República Centro Africana: País vive um momento delicado

“Então vos hão de entregar para serdes atormentados, e matar-vos-ão; e sereis odiados de todas as nações por causa do meu nome.” Mateus 24:9

12 de abril de 2016.

 

A instabilidade dos últimos anos criou uma situação em que os homens armados e grupos militantes estão praticamente livres para atacar a população

De acordo com informações da agência de notícias Reuters, 12 pessoas foram mortas em aldeias da República Centro-Africana, por um grupo de homens armados. O ataque ocorreu perto da cidade de Bambari, próximo ao rio Ouaka. De acordo com as autoridades locais, o motivo do crime ainda não foi esclarecido, mas eles não acreditam que tenha sido por motivos políticos, comunitários ou religiosos, que tanto abalam o país.
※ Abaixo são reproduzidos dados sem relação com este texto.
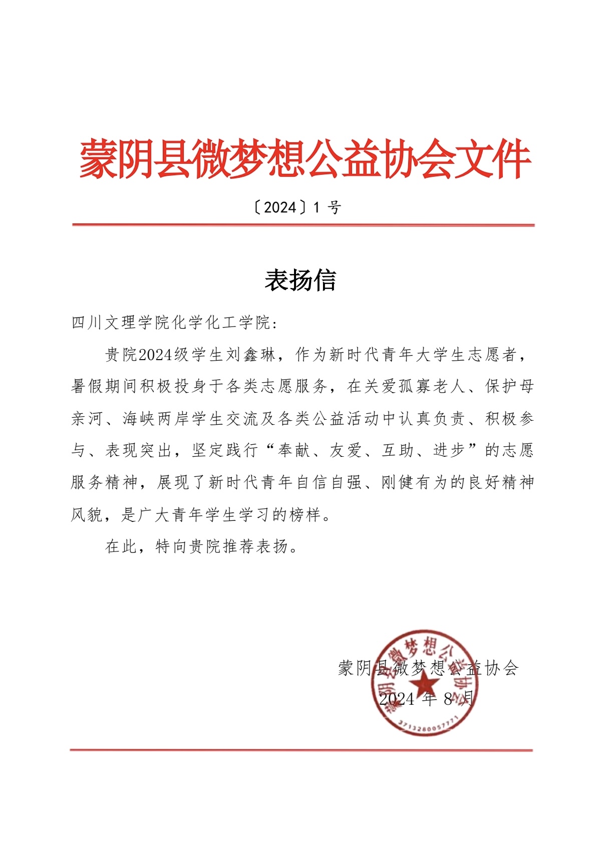 bw西汉姆联2024级员工刘鑫琳获蒙阴县微梦根公益协会表扬信
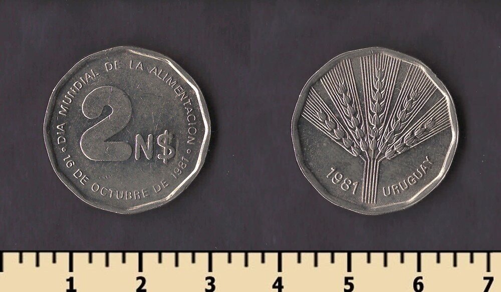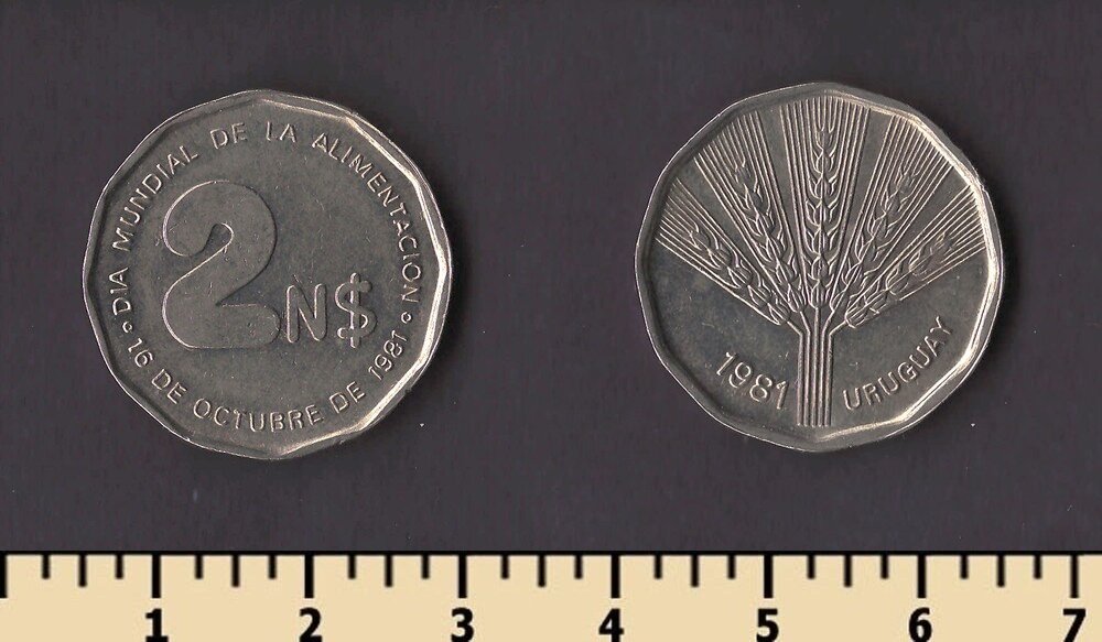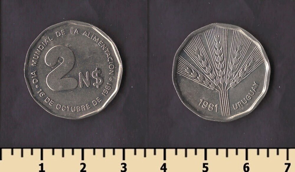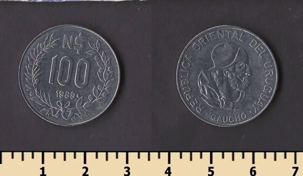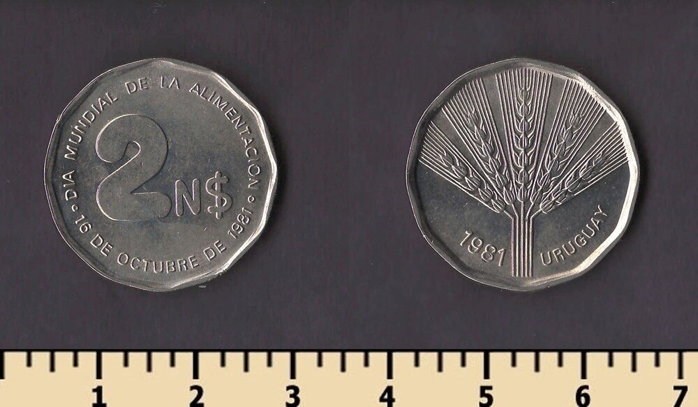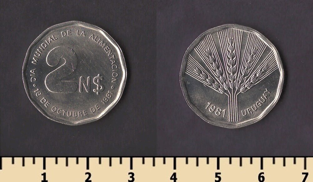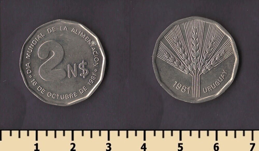 Примечание: эти монеты были отчеканены в1969 году на монетном дворе вСантьяго (So) , Чили для Уругвая

A Reuters também informou que mais de 200 pessoas foram sequestradas, só esse ano, pelo LRA – Lord’s Resistance Army (Exército de Resistência do Senhor), um grupo rebelde que também opera no norte de Uganda, Sudão e Congo.

"Essa é uma pequena amostra do que o presidente cristão Touadéra enfrenta depois de vencer as eleições presidenciais. O colapso do Estado e a instabilidade dos últimos anos criou uma situação em que os homens armados e grupos militantes estão praticamente livres para atacar a população. A menos que o novo governo, com a ajuda da comunidade internacional, consiga afirmar sua autoridade, e impor a lei e a ordem, a situação pode deteriorar-se e os conflitos religiosos e étnicos dos últimos anos poderiam reaparecer", comenta um dos analistas de perseguição. A República Centro-Africana é o 26º país da Classificação da Perseguição Religiosa e está vivendo um momento complicado de uma forma geral, mas para os cristãos, a violência é dobrada. Interceda por eles.

A meta do grupo é estabelecer a democracia multipartidária. Tudo indica que seus militantes pratiquem o "culto à personalidade" de seu líder Joseph Kony, um "profeta" auto-declarado que ficou muito conhecido na África pela violação dos direitos humanos, incluindo assassinatos, sequestros, mutilação, escravidão sexual de crianças, entre outros crimes. O LRA afirma estar lutando para estabelecer um Estado que será governado pelos "10 Mandamentos", em Uganda. A atuação deles em outros países inclui principalmente o sequestro para que eles possam aumentar seu exército de escravos.

 

Fonte: Portas Abertas.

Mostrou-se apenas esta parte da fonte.